[GIVEN RECORDS — start]

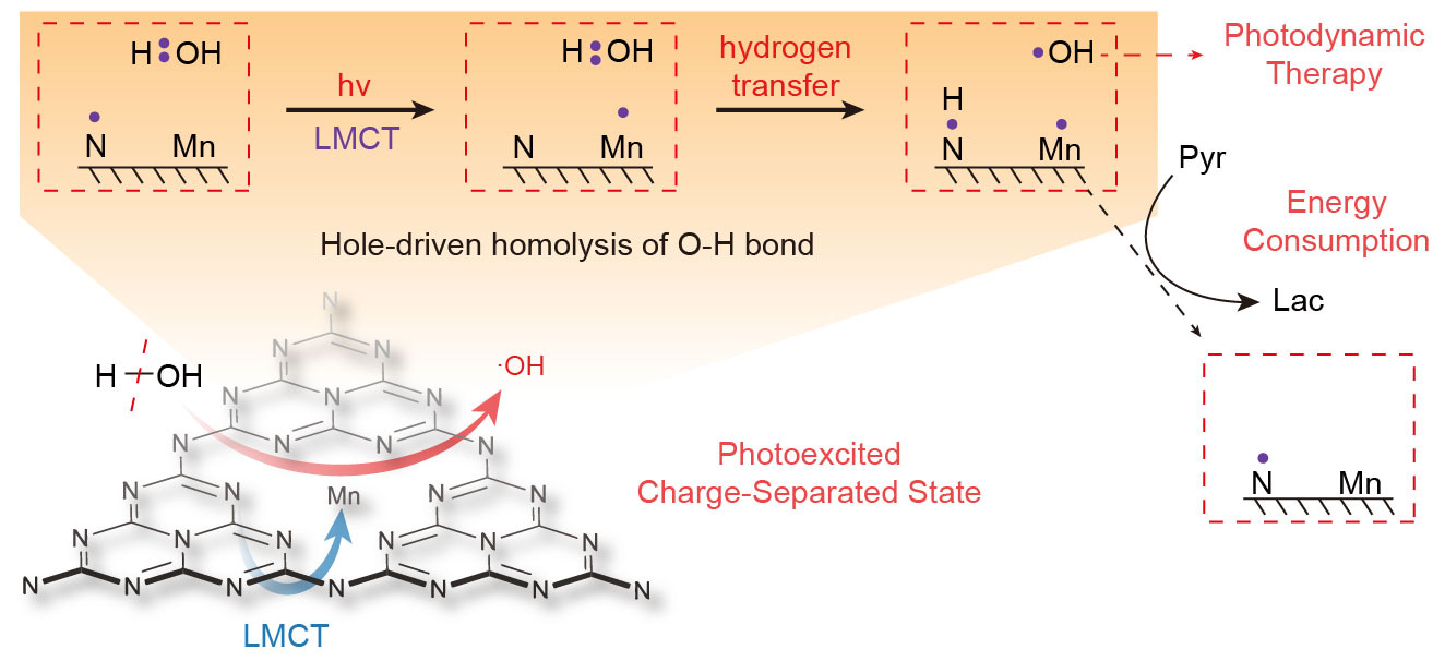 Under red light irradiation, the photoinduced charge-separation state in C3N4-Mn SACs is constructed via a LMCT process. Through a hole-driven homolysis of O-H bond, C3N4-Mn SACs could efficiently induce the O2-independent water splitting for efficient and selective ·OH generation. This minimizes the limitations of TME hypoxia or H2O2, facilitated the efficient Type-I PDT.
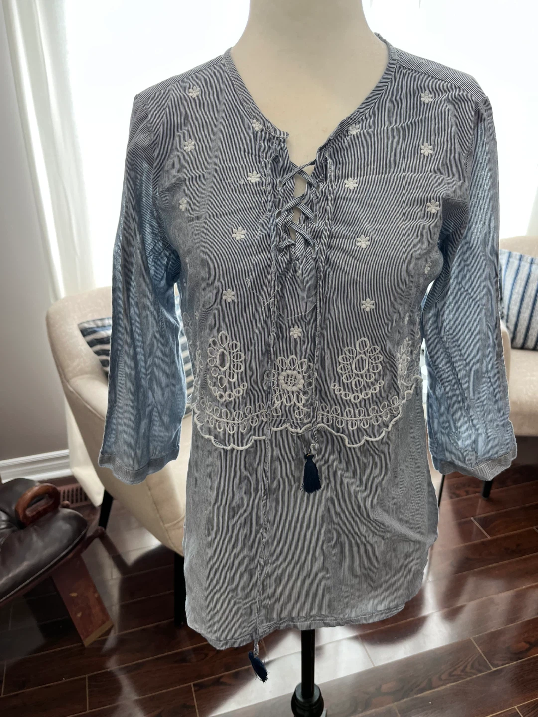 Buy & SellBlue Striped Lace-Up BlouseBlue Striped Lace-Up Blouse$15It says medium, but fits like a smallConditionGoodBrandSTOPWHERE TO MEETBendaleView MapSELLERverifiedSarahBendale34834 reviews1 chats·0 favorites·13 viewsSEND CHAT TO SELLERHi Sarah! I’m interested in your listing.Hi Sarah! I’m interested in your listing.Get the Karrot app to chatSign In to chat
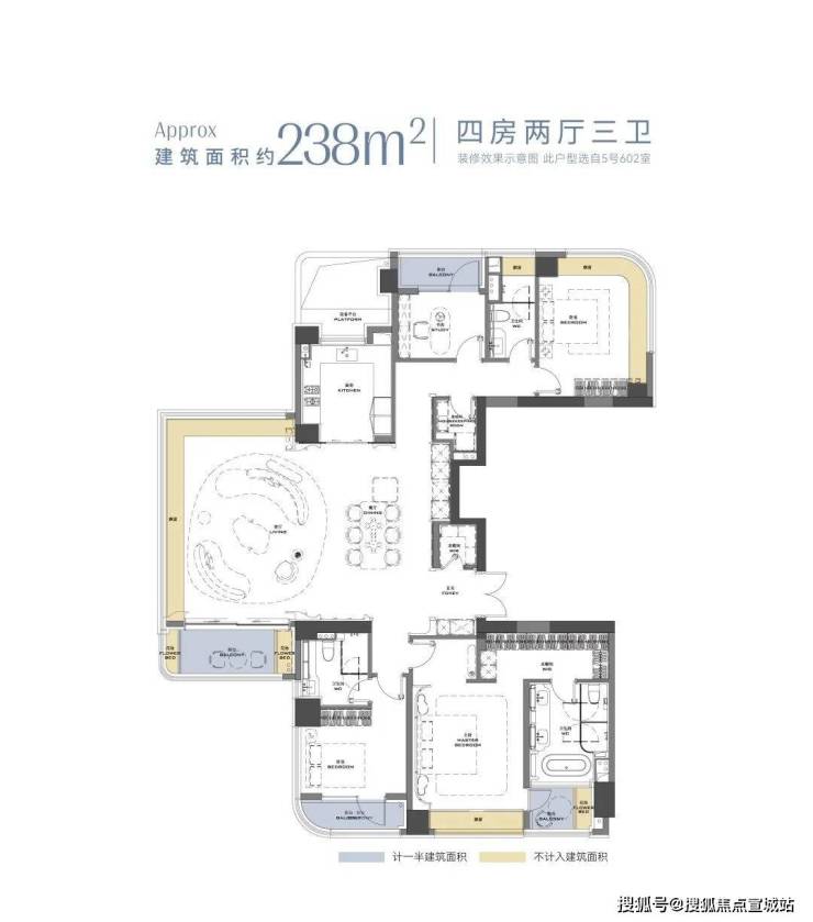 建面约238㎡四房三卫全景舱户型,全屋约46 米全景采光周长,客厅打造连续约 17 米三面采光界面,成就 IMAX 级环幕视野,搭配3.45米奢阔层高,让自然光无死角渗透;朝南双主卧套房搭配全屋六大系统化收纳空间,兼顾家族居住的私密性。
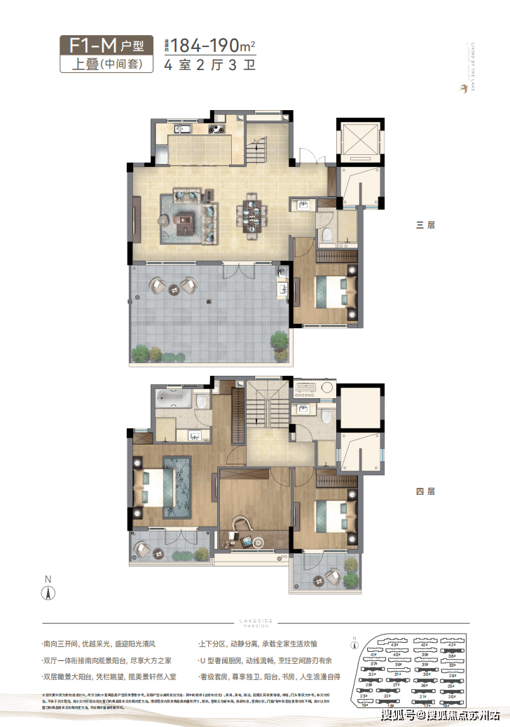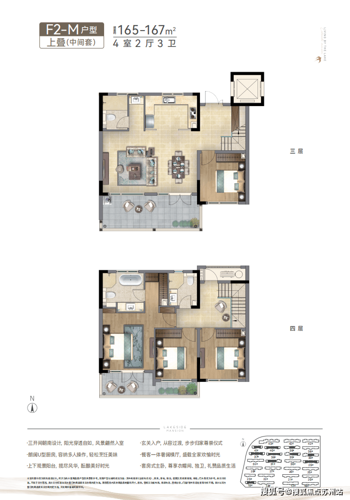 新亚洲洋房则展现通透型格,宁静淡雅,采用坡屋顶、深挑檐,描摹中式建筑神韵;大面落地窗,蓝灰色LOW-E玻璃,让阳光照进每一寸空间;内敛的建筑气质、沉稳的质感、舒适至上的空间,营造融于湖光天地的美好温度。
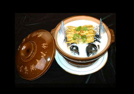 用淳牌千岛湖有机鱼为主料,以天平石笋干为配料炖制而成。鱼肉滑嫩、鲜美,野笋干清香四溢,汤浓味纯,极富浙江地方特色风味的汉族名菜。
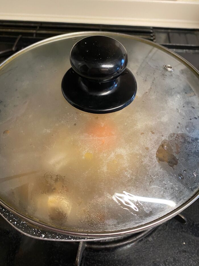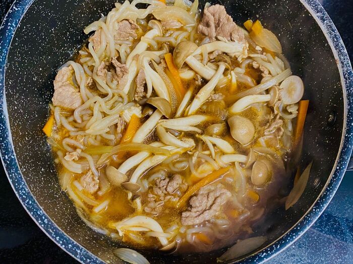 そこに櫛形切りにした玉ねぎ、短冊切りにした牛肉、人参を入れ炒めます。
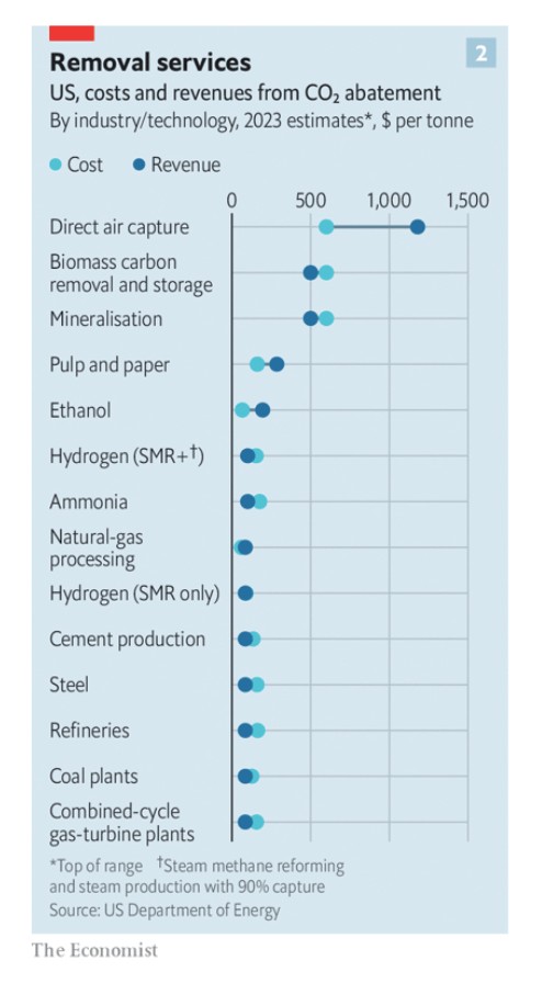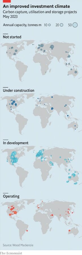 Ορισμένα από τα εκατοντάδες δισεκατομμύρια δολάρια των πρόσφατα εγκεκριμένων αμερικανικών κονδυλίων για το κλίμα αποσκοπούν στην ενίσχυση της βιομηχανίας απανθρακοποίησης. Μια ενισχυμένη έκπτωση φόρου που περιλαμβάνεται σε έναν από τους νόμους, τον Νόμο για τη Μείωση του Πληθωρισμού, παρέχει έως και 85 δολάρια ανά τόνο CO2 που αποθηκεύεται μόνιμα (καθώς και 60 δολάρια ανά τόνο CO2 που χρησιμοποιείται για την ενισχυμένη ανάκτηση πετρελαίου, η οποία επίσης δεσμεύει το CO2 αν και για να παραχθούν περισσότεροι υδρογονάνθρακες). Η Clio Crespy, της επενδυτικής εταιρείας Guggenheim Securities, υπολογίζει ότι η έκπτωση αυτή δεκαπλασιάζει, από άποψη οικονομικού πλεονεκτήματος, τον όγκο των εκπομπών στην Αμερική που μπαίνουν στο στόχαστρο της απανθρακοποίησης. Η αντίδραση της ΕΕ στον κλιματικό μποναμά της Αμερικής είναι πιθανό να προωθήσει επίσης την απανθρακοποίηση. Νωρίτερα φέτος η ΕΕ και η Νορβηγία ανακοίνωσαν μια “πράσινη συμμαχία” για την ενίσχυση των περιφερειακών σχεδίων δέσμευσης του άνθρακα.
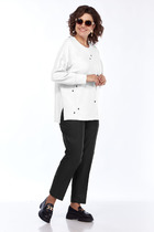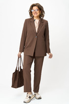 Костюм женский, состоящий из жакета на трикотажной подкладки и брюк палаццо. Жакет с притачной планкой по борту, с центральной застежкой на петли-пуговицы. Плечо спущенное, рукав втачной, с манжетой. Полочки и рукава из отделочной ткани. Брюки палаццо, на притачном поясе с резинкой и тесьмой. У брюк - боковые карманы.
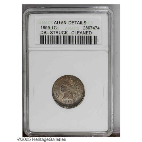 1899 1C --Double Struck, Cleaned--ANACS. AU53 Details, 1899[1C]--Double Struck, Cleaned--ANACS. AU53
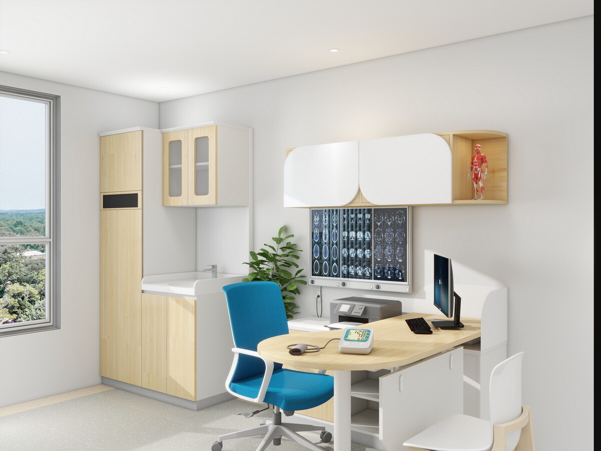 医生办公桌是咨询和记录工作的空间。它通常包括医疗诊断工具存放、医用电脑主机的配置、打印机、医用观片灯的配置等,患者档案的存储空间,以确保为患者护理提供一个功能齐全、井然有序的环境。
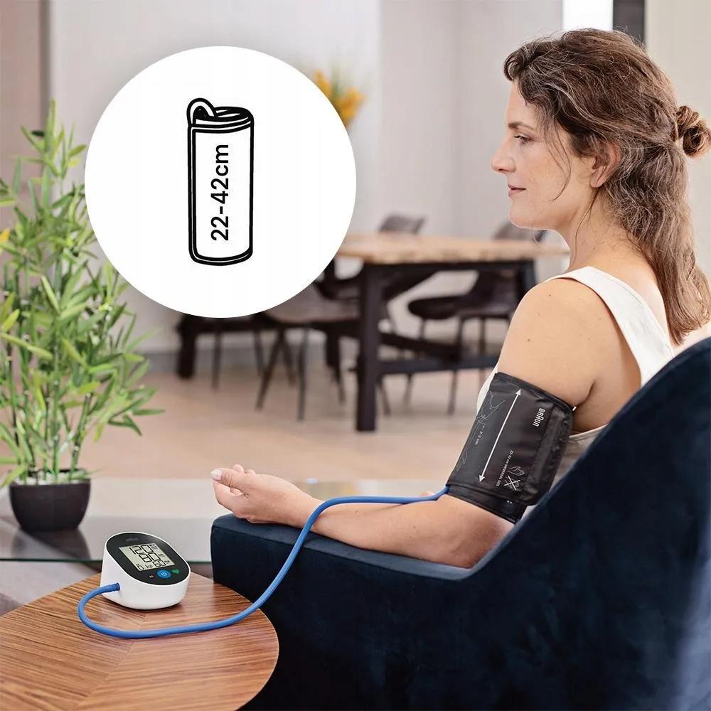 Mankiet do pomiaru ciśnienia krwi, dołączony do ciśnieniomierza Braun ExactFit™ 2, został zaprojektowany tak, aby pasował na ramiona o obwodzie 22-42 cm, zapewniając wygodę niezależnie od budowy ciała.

[GIVEN RECORDS — finish]

▶ TASK DESCRIPTION:
Using the entries above, transcribe every line from the line containing "新亚洲洋房则展现通透型格,宁" through the line containing "そこに櫛形切りにした玉ねぎ、短冊切りにした牛肉、人参を入れ炒めます。". Do not copy pictures.

▶ SOLUTION FOR THIS EXERCISE:
 新亚洲洋房则展现通透型格,宁静淡雅,采用坡屋顶、深挑檐,描摹中式建筑神韵;大面落地窗,蓝灰色LOW-E玻璃,让阳光照进每一寸空间;内敛的建筑气质、沉稳的质感、舒适至上的空间,营造融于湖光天地的美好温度。
 用淳牌千岛湖有机鱼为主料,以天平石笋干为配料炖制而成。鱼肉滑嫩、鲜美,野笋干清香四溢,汤浓味纯,极富浙江地方特色风味的汉族名菜。
 そこに櫛形切りにした玉ねぎ、短冊切りにした牛肉、人参を入れ炒めます。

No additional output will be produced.